Use SET_TABLE_STATS and SET_INDEX_STATS to simulate statistics for a table with 2000 rows stored in 10 data blocks:

BEGIN
  DBMS_STATS.SET_TABLE_STATS( 
    ownname => user
  , tabname => 'CONTRACTORS'
  , numrows => 2000
  , numblks => 10 );
END;
/

BEGIN 
  DBMS_STATS.SET_INDEX_STATS( 
    ownname => user
  , indname => 'SALARY_IX'
  , numrows => 2000 );
END;
/

Query the number of rows for the table and index (sample output included):

SQL> SELECT NUM_ROWS FROM USER_TABLES WHERE TABLE_NAME = 'CONTRACTORS'; 

  NUM_ROWS
----------
      2000

SQL> SELECT NUM_ROWS FROM USER_INDEXES WHERE INDEX_NAME =  'SALARY_IX'; 

  NUM_ROWS
----------
      2000

Now the optimizer believes that the table contains 2000 rows in 10 blocks, even though only 1 row actually exists in one block.
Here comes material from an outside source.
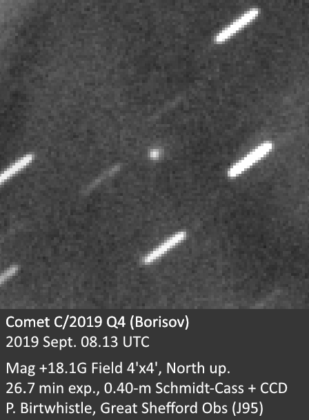 New (probably interstellar) Comet C/2019 Q4 (Borisov) on Sept. 8, showing a slightly fuzzy coma and just the hint of a tail to the top right.pic.twitter.com/TyRMWXWFv3

Flush the shared pool to eliminate possibility of plan reuse, and then execute the same query of contractors:

ALTER SYSTEM FLUSH SHARED_POOL;

SELECT /*+ dynamic_sampling(contractors 0) */ * 
FROM   contractors 
WHERE  salary = 1000;

Query the execution plan chosen by the optimizer based on the artificial statistics (sample output included):

SQL> SELECT * FROM TABLE(DBMS_XPLAN.DISPLAY_CURSOR);

SQL_ID	cy0wzytc16g9n, child number 0
-------------------------------------
SELECT /*+ dynamic_sampling(contractors 0) */ * FROM contractors WHERE
salary = 1000

Plan hash value: 996794789

---------------------------------------------------------------------------------
|Id| Operation                           | Name      |Rows|Bytes|Cost(%CPU)|Time|
---------------------------------------------------------------------------------
| 0| SELECT STATEMENT                    |           |    |     |3(100)|        |
| 1|  TABLE ACCESS BY INDEX ROWID BATCHED|CONTRACTORS|2000|24000|3 (34)|00:00:01|
|*2|   INDEX RANGE SCAN                  |SALARY_IX  |2000|     |1  (0)|00:00:01|
---------------------------------------------------------------------------------

Predicate Information (identified by operation id):
---------------------------------------------------

   2 - access("SALARY"=1000)

20 rows selected.

Based on the artificially generated statistics for the number of rows and block distribution, the optimizer considers an index range scan more cost-effective.